> _What to produce_: One exact copy of the listing is needed. It should contain no pictures.

> _Exercise input_:
*** Begin section ***
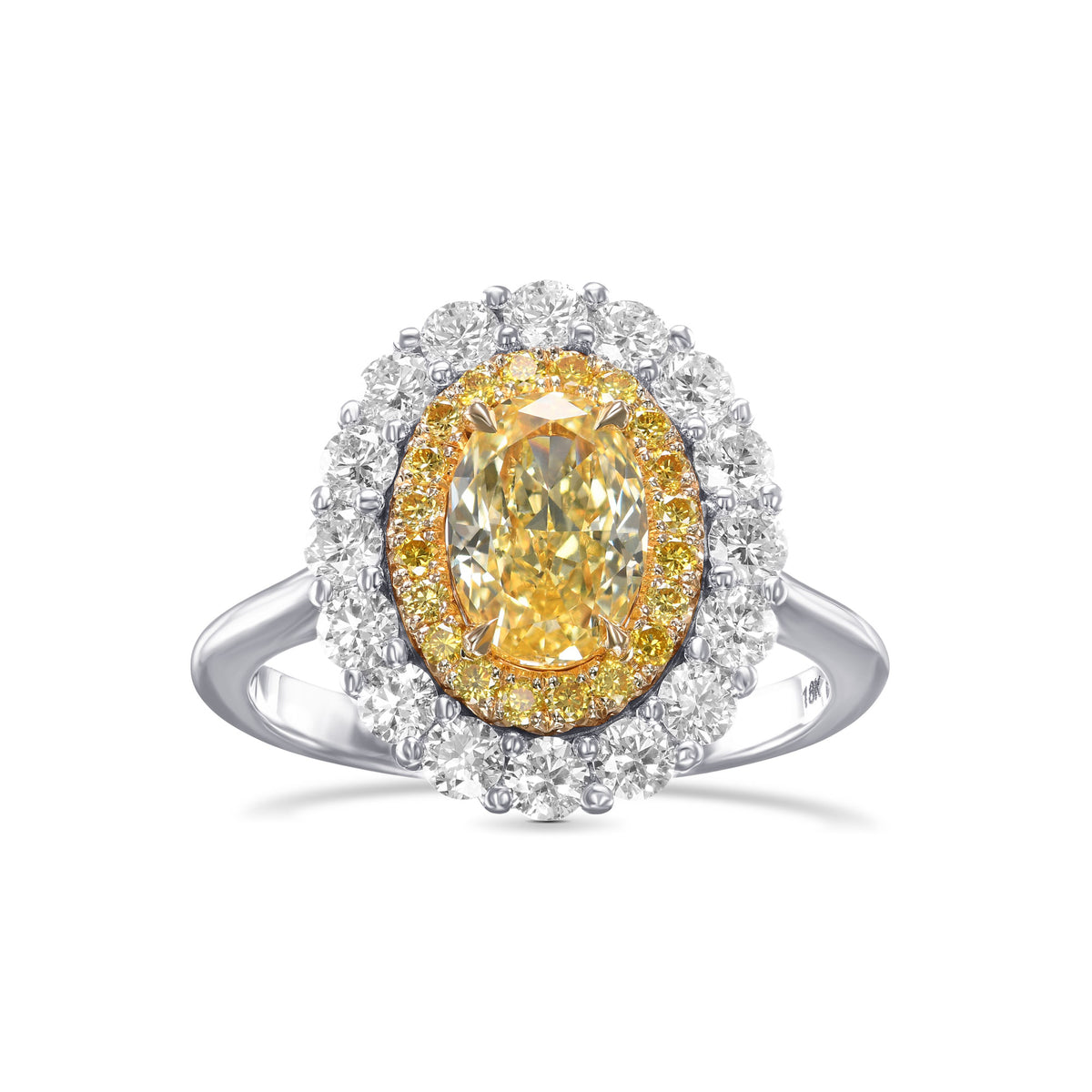 Fancy Intense Yellow Oval Double Halo Diamond Ring
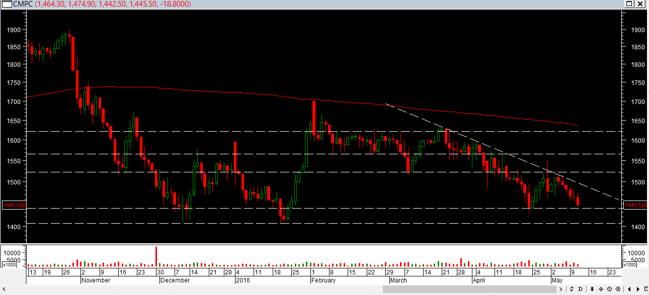 Está resistiendo de caer de los 1.400.- pero la punta compradora la veo flojita.
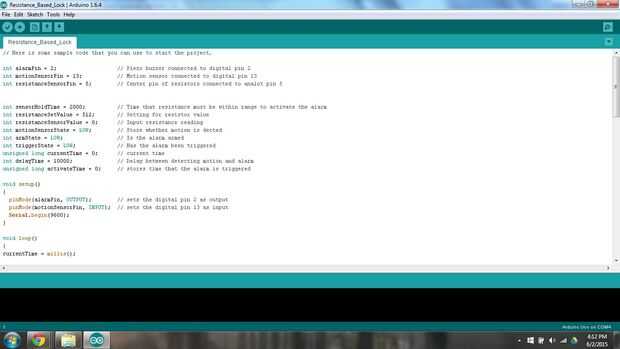 int alarmPin = 2; Zumbador piezoeléctrico conectado al pin digital 2 int motionSensorPin = 13; Sensor de movimiento conectado al pin digital 13 int resistanceSensorPin = 5; Pasador central de resistencias conectado al pin 5 de analot
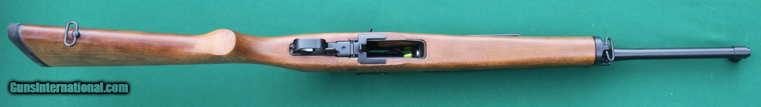 Description: New-in-the-box Ruger Mini-14, Ranch Rifle, semi-automatic, chambered for 5.56 mm / .223 caliber. Specifications: - Hardwood stock/forend - 18½-inch barrel - Blued metal finish - Blued steel receiver - Front sight blade adjustable for windage - Adjustable aperture rear sight - 38-inch overall length - 7 pounds, unloaded, without magazine - M1 Garand-style safety - Black flat metal butt plate Accessories include: - Original box (closing flap is torn) - one 20-round magazine - Owner’s Manual - Cable lock - Scope mounting plate. The photos are high resolution, so zoom to see details. Contact me for additional photos of any area you would like to see or see better. Seller pays shipping and insurance costs. I will accept a personal check, but will hold the gun until it clears. I will also accept USPS money orders which I do not have to hold, as they clear immediately. I will accept other type money orders, but will hold gun until they clear. Note that USPS money orders are limited to $1,000, so two USPS money orders will be required for this purchase. Check or money orders must be made out to Jerry Pownall. The process to purchase this gun is as follows: - Contact me via email so I can make the gun inactive on GunsInternational and send you my mailing address. - Send payment. - Have your federal firearms license (FFL) holder send me a copy of his FFL via email at barboursvillearmsembarqmal. - Once I receive his FFL and cleared payment from you, I will ship the gun to the FFL holder. Per my description, the fastest way to get the gun is to pay with a USPS (U.S. Postal Service) money order, as it is like cash, and I don’t have to wait for it to clear. However, I will accept a personal check or another type money order, but I will hold the gun until it clears my bank. Make your check or money order payable to Jerry Pownall (NOT Barboursville Arms). SOLD |
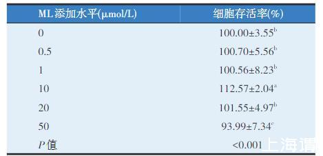 由表5可知,與control組相比,10μmol/L的ML組細(xì)胞存活率最高(P<0.05);而50μmol/L的ML組細(xì)胞存活率顯著降低(P<0.05)。
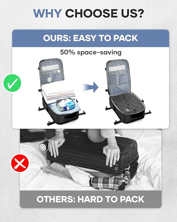 - 💎 Flight-Friendly - TSA-approved design speeds up security checks. The compression system fits 1-2 days' worth of luggage while complying with most airline carry-on size limits (fits under most airplane seats).
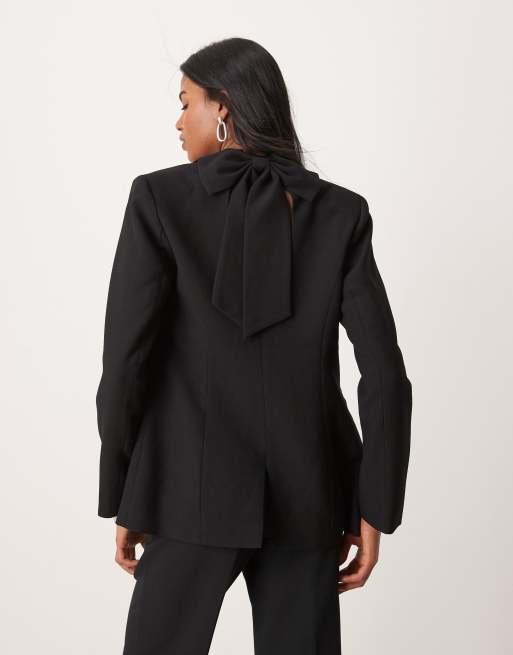 YAS - Blazer nero con fiocco sulla schiena e bottoni in coordinato
*** End section ***
> _Answer area_:
 Fancy Intense Yellow Oval Double Halo Diamond Ring
 Está resistiendo de caer de los 1.400.- pero la punta compradora la veo flojita.
 int alarmPin = 2; Zumbador piezoeléctrico conectado al pin digital 2 int motionSensorPin = 13; Sensor de movimiento conectado al pin digital 13 int resistanceSensorPin = 5; Pasador central de resistencias conectado al pin 5 de analot
 Description: New-in-the-box Ruger Mini-14, Ranch Rifle, semi-automatic, chambered for 5.56 mm / .223 caliber. Specifications: - Hardwood stock/forend - 18½-inch barrel - Blued metal finish - Blued steel receiver - Front sight blade adjustable for windage - Adjustable aperture rear sight - 38-inch overall length - 7 pounds, unloaded, without magazine - M1 Garand-style safety - Black flat metal butt plate Accessories include: - Original box (closing flap is torn) - one 20-round magazine - Owner’s Manual - Cable lock - Scope mounting plate. The photos are high resolution, so zoom to see details. Contact me for additional photos of any area you would like to see or see better. Seller pays shipping and insurance costs. I will accept a personal check, but will hold the gun until it clears. I will also accept USPS money orders which I do not have to hold, as they clear immediately. I will accept other type money orders, but will hold gun until they clear. Note that USPS money orders are limited to $1,000, so two USPS money orders will be required for this purchase. Check or money orders must be made out to Jerry Pownall. The process to purchase this gun is as follows: - Contact me via email so I can make the gun inactive on GunsInternational and send you my mailing address. - Send payment. - Have your federal firearms license (FFL) holder send me a copy of his FFL via email at barboursvillearmsembarqmal. - Once I receive his FFL and cleared payment from you, I will ship the gun to the FFL holder. Per my description, the fastest way to get the gun is to pay with a USPS (U.S. Postal Service) money order, as it is like cash, and I don’t have to wait for it to clear. However, I will accept a personal check or another type money order, but I will hold the gun until it clears my bank. Make your check or money order payable to Jerry Pownall (NOT Barboursville Arms). SOLD |
 由表5可知,與control組相比,10μmol/L的ML組細(xì)胞存活率最高(P<0.05);而50μmol/L的ML組細(xì)胞存活率顯著降低(P<0.05)。
 - 💎 Flight-Friendly - TSA-approved design speeds up security checks. The compression system fits 1-2 days' worth of luggage while complying with most airline carry-on size limits (fits under most airplane seats).
 YAS - Blazer nero con fiocco sulla schiena e bottoni in coordinato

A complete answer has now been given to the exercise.